How to qualify as a global citizen

Born in India, Sandeep graduated from Mines Nantes, one of the graduate schools of Institut Mines Télécom in 2004. Supply Chain Manager for L’Oreal Asia Pacific, located in Japan, Sandeep is a global manager. He describes how things are changing in his industry and how he has been prepared for that.

I describe myself as curious, open-minded and flexible. I have always hoped to qualify myself as a global citizen. To attain this goal, I had to find a multicultural program that not only provides me with technical skills but also where one has to adjust and adapt quickly. So I decided to study abroad and to join Mines Nantes, whose Master of Science in Industrial Management let me get international exposure and gave me the opportunity to learn more about supply chain management, a discipline relatively new at that time in Engineering Schools. In my plan to succeed as an international manager, the school was mere instrumental.

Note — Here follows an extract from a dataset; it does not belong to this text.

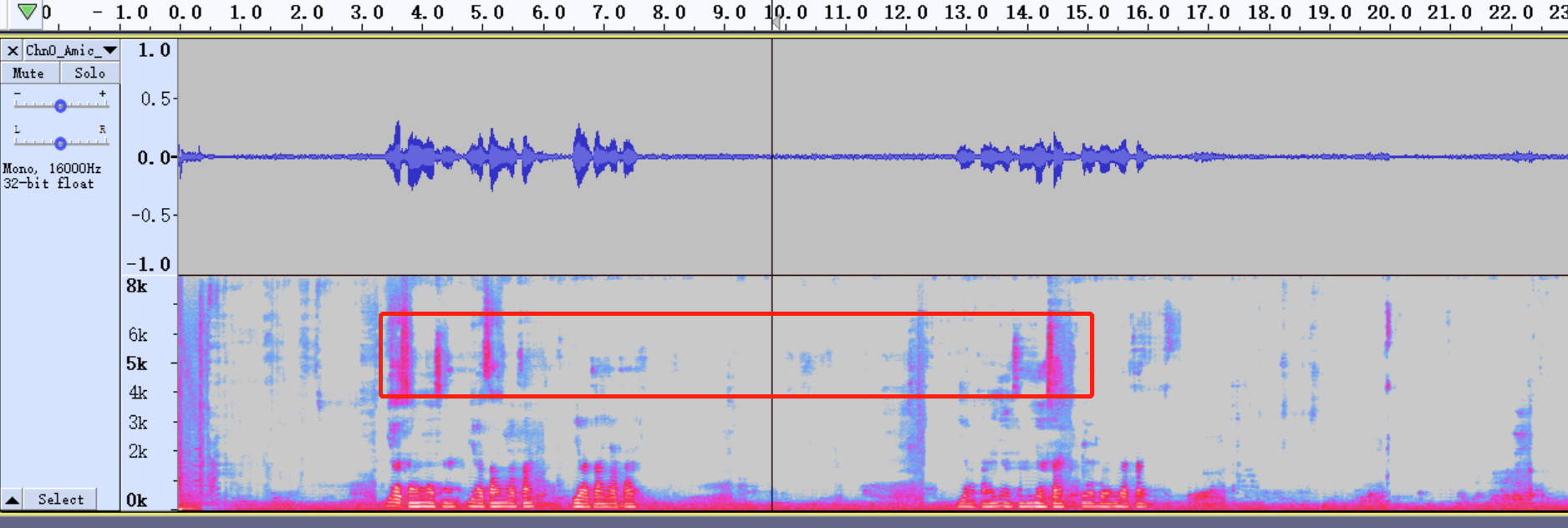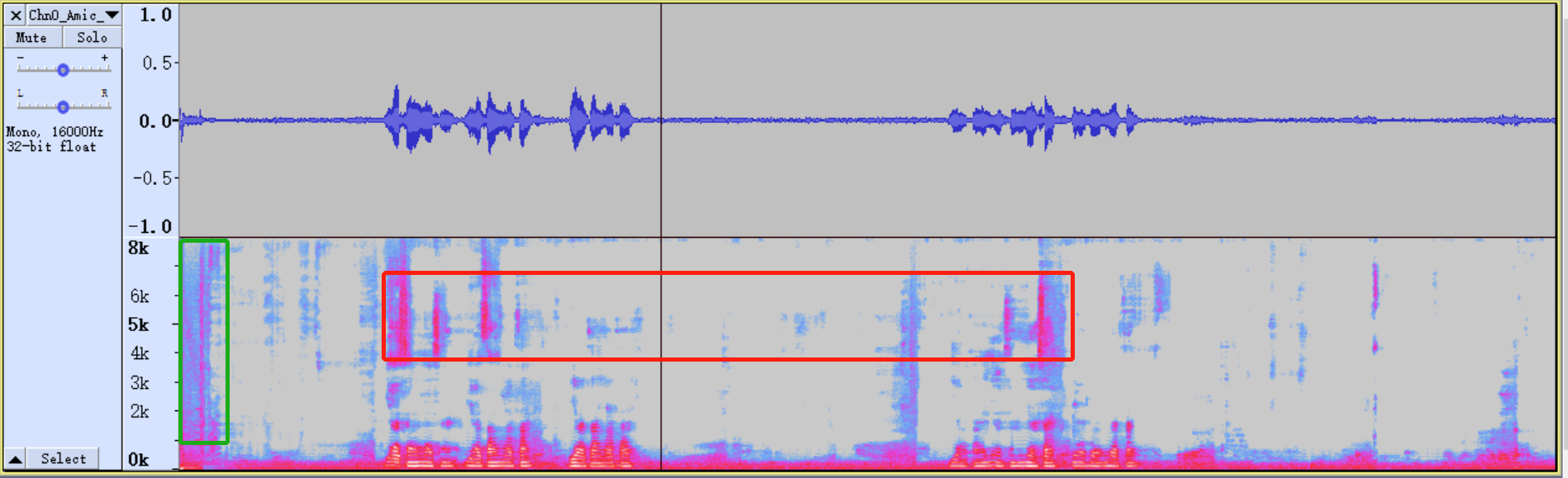 As shown below, the audio files are AecAiIn, AecAoIn and AecOut. Speaker distortion makes AecAiIn to have a frequency band, which AecAoIn does not have (the marked part in the figure), which causes the AEC algorithm to fail to obtain the correct reference signal and makes the AEC algorithm incompletely eliminated. The frequency band where the echo exists is exactly the frequency band produced by the speaker distortion.

There is a real added value of an engineering training for a FMCG (fast moving consumer goods) supply chain manager. If you have only a commercial or business background, you will miss the industrial/technical side of things. So in order to be more complete, more successful, you need to have a deep understanding of industrial and technical issues. Even more, many noticeable changes are constantly occuring within this field. One could mention RFID, the concept of using drones for delivering goods, but we also speak now a lot about multi-channel supply chain management: it’s becoming more and more Technology/IT oriented/Digital. Thus a technical background will always help you navigate the

To face these major changes happening in the industry, what I have been taught at Mines Nantes is seminal. Most of the lecturers/speakers we had were professionals with field experience and they used real life cases.

“Many changes are occurring in this rapidly evolving field. To face them, what I have been taught there is seminal”

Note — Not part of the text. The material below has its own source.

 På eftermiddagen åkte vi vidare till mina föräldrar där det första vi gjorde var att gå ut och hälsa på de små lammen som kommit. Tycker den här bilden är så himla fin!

Once I was part of MLPS, it was also easier to find an internship and eventually to join a French business champion like L’Oreal, thanks for being an alumnus from a French “grande école”.

Born and raised in India, graduated in France, I had my last assignment in Singapore and nowadays I am working in Japan, I truly feel global. If I had to give any advice to some fellow indian students, I would advise them to be patient, open-minded and curious and look at world from a glocal context, and to be more long-term focused rather than concentrating on short term benefits.